::: Source data

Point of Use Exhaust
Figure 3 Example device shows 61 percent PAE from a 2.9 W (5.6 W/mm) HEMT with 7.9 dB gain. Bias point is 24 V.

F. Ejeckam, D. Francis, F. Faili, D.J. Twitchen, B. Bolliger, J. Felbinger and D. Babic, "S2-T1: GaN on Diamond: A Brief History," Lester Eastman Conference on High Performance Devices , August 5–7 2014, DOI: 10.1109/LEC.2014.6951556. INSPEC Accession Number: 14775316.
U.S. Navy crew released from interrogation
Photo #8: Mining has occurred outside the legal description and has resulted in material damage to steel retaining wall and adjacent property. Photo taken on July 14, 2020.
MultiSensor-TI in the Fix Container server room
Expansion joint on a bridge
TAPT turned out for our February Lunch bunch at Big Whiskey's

::::::
::: Source data

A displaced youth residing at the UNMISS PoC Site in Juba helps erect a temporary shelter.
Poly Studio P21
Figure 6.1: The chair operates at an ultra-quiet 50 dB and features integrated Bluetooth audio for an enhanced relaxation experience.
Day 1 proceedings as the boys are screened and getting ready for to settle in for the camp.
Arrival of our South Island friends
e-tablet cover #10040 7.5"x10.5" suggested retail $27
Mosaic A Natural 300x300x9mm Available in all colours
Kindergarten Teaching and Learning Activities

::::::

Would you retype the lines above from the one with "Point of Use Exhaust" down to the one with "TAPT turned out", word for word, both ends included and no other lines?

* **Solution for this exercise**:
Point of Use Exhaust
Figure 3 Example device shows 61 percent PAE from a 2.9 W (5.6 W/mm) HEMT with 7.9 dB gain. Bias point is 24 V.

F. Ejeckam, D. Francis, F. Faili, D.J. Twitchen, B. Bolliger, J. Felbinger and D. Babic, "S2-T1: GaN on Diamond: A Brief History," Lester Eastman Conference on High Performance Devices , August 5–7 2014, DOI: 10.1109/LEC.2014.6951556. INSPEC Accession Number: 14775316.
U.S. Navy crew released from interrogation
Photo #8: Mining has occurred outside the legal description and has resulted in material damage to steel retaining wall and adjacent property. Photo taken on July 14, 2020.
MultiSensor-TI in the Fix Container server room
Expansion joint on a bridge
TAPT turned out for our February Lunch bunch at Big Whiskey's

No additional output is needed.